The world is just a gymnasium in which we play; our life is an eternal holiday’
-Swami Vivekananda
First install the positive field in your company, where everybody is full of a joyous, ‘Can do’ spirit. This is the ‘field’ in which creativity and innovation works best. Playfulness enhances great ideas.
The environment of creativity is a supportive and nurturing environment, where everyone feels free to play, to be intuitive and bold. It is the environment that encourages people to be creative, silly, to take risks, and to think outside the box. There is around every organization, a field, which is positive or negative. This field begins within the individual.
Each person has within him a field that is positive or negative. The development of an inner field, a mindspace that is positive, is the key to creativity. Continuously developing and pouring in positive emotions creates a positive field within which, a person interacts with others who bring in their own fields. Those who operate in positive fields suffused with love, compassion, laughter, courage and wonder, are likely to be more creative while supporting others to be at their innovative best.
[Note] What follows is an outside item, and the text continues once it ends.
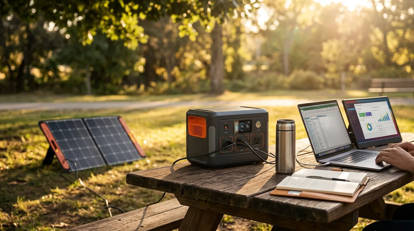 Remote work untethered you from the office. A solar generator untethers you from the wall outlet. A laptop that dies at 3 PM in a park, a Zoom call that drops because your hotspot ran out of battery, a monitor that cannot plug in at a campsite — these are solvable problems. The right compact generator keeps your workstation running for a full day anywhere with zero noise and no extension cord to the nearest cafe.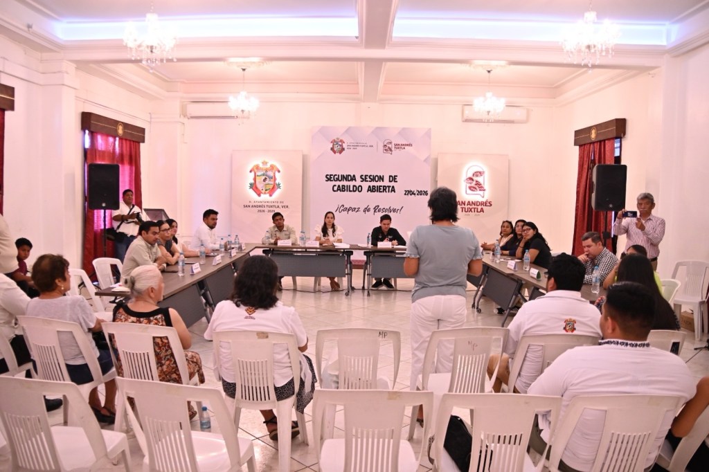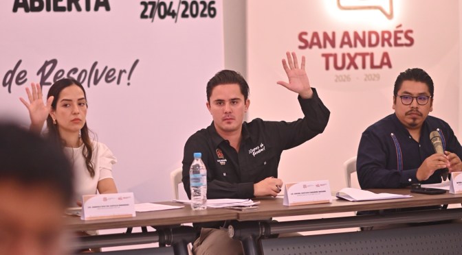 San Andrés Tuxtla, Ver., 27 de abril de 2026.- Este lunes, el cuerpo edilicio de la ciudad, encabezó la Segunda Sesión de Cabildo Abierto para abordar con diálogo y transparencia el tema de Tránsito y Vialidad.

In order to present this concept more clearly, I have used the ancient Indian concept of the Navarasas – the nine emotions.
Learning to enhance the positive field and reducing the effect of the negative field is an important part of creativity and innovation. Thinking out of the box is possible only in a positive field. The positive field is sustained by certain tools and behaviour: verbal, tonal and non- verbal. It is a win-win field. Within such a field, all who operate together are enabled and nurtured.
“ The essence of creativity is a willingness to play the fool, to toy with the absurd,only later submitting the stream of ideas to harsh critical judgement. The application of the imagination to the future therefore requires an environment in which to safely reflect, in which novel juxtapositions of ideas can be freely expressed before being critically sifted. We need sanctuaries for the social imagination.”